*** Information supplied ***

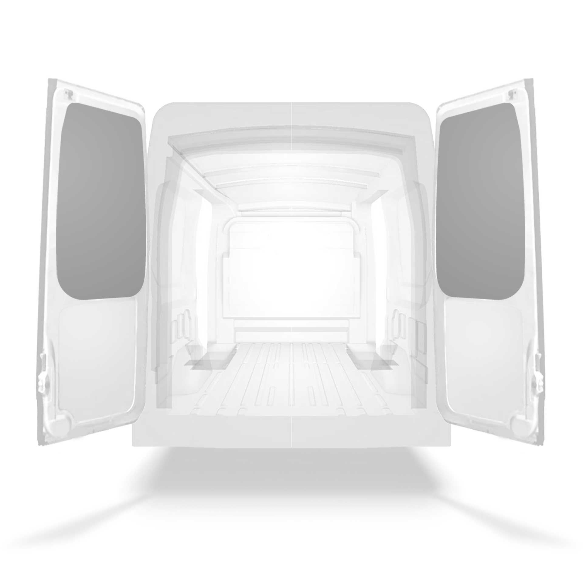 Leichte Verkleidung für den oberen Teil der Hecktür eines Ford Transit mit Doppeltüren. Die Türverkleidung erweckt einen professionellen Eindruck, schützt Ihr Fahrzeug und ist leicht zu reinigen.
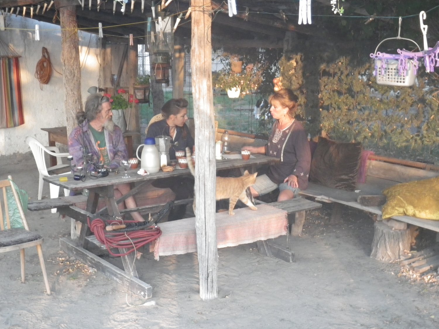 Ferenc se lave, alors que je me restaure, puis il disparaît. Je l’entends un peu plus loin faire de la musique et chanter. Beaucoup de monde dans les alentours, un cochon, des poules, plusieurs chevaux attachés un peu plus haut.
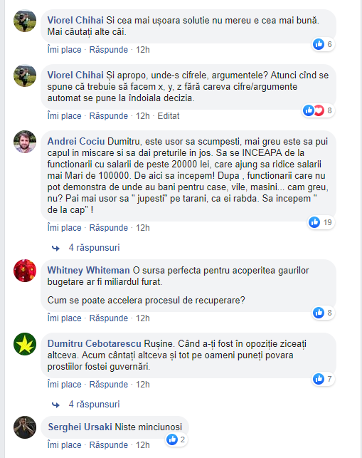 Andrei Cociu: „Dumitru, este usor sa scumpesti, mai greu este sa pui capul in miscare si sa dai preturile in jos. Sa se INCEAPA de la functionarii cu salarii de peste 20000 lei, care ajung sa ridice salarii mai Mari de 100000. De aici sa incepem! Dupa , functionarii care nu pot demonstra de unde au bani pentru case, vile, masini… cam greu, nu? Pai mai usor sa ” jupesti” pe tarani, ca ei rabda. Sa incepem ” de la cap!”

*** End of Information supplied ***

Starting at the line that contains "Ferenc se lave, alors", output every line through the end of the data, both ends included, and nothing else; pictures stay out.

 Ferenc se lave, alors que je me restaure, puis il disparaît. Je l’entends un peu plus loin faire de la musique et chanter. Beaucoup de monde dans les alentours, un cochon, des poules, plusieurs chevaux attachés un peu plus haut.
 Andrei Cociu: „Dumitru, este usor sa scumpesti, mai greu este sa pui capul in miscare si sa dai preturile in jos. Sa se INCEAPA de la functionarii cu salarii de peste 20000 lei, care ajung sa ridice salarii mai Mari de 100000. De aici sa incepem! Dupa , functionarii care nu pot demonstra de unde au bani pentru case, vile, masini… cam greu, nu? Pai mai usor sa ” jupesti” pe tarani, ca ei rabda. Sa incepem ” de la cap!”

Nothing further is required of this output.